### AIM OF THE EXERCISE:
From the listing below, give again exactly the lines from the line with "Ce bac à litière" to the line with "Lotto composto da", ends included, without any pictures.

### PROVIDED RECORDS:
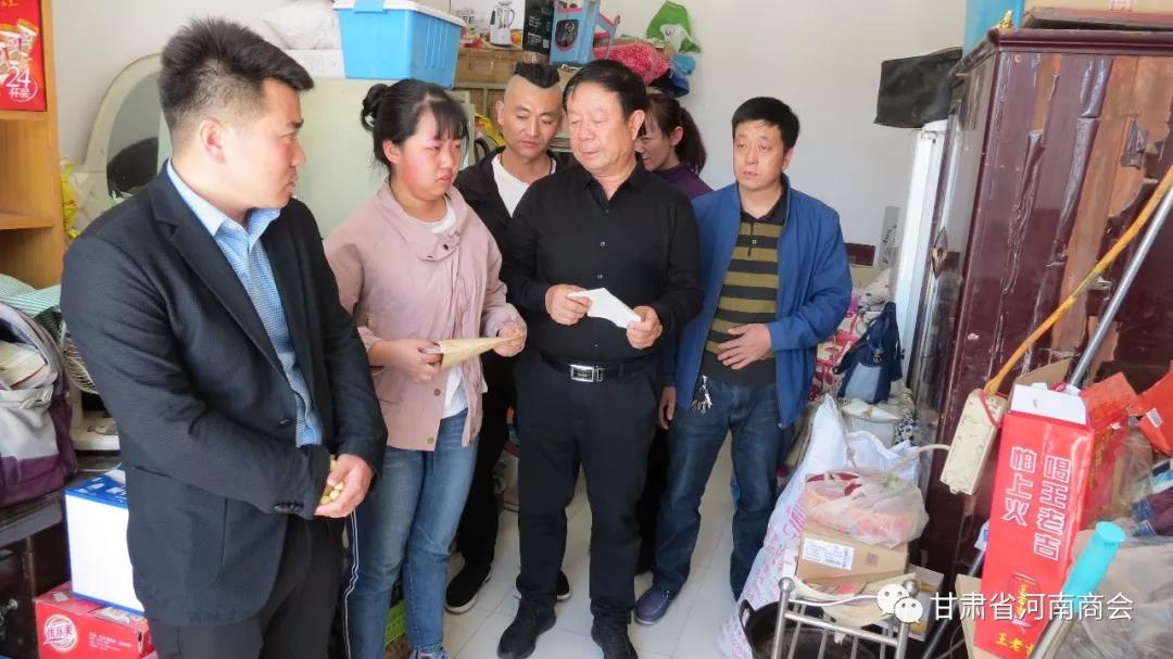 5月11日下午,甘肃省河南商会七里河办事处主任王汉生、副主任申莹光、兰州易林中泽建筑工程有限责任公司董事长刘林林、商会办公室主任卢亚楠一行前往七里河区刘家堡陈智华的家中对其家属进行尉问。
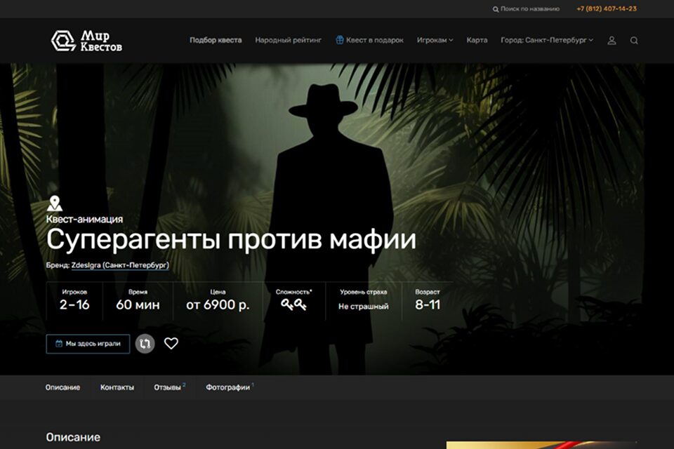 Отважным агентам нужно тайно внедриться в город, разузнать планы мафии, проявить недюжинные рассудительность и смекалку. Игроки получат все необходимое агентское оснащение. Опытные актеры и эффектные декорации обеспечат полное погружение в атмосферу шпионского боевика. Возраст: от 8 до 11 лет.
==
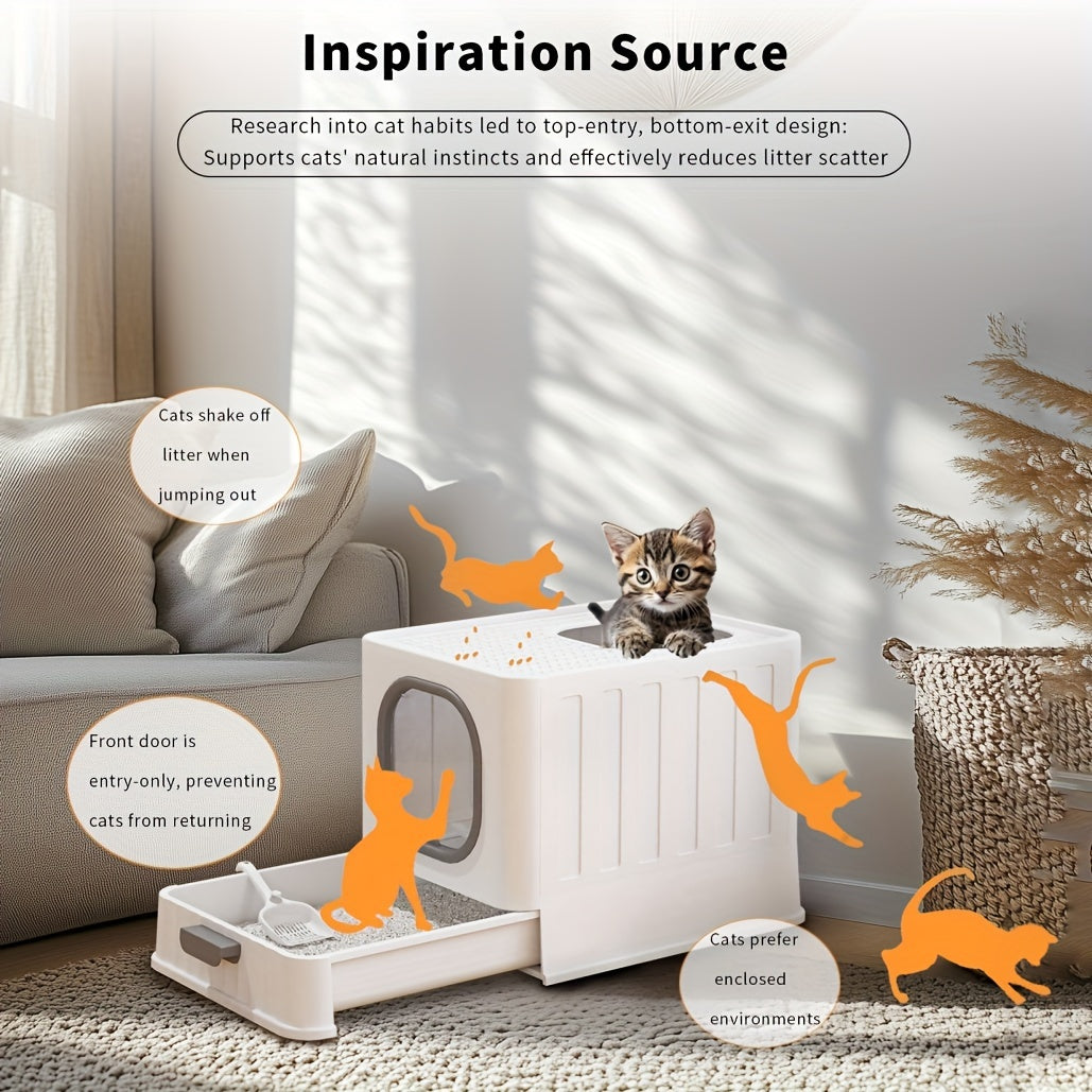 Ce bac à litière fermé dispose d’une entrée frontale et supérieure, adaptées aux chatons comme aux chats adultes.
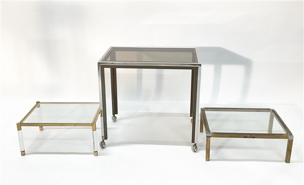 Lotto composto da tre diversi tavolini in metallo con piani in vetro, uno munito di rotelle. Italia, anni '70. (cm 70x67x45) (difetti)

### EXERCISE SOLUTION:
 Ce bac à litière fermé dispose d’une entrée frontale et supérieure, adaptées aux chatons comme aux chats adultes.
 Lotto composto da tre diversi tavolini in metallo con piani in vetro, uno munito di rotelle. Italia, anni '70. (cm 70x67x45) (difetti)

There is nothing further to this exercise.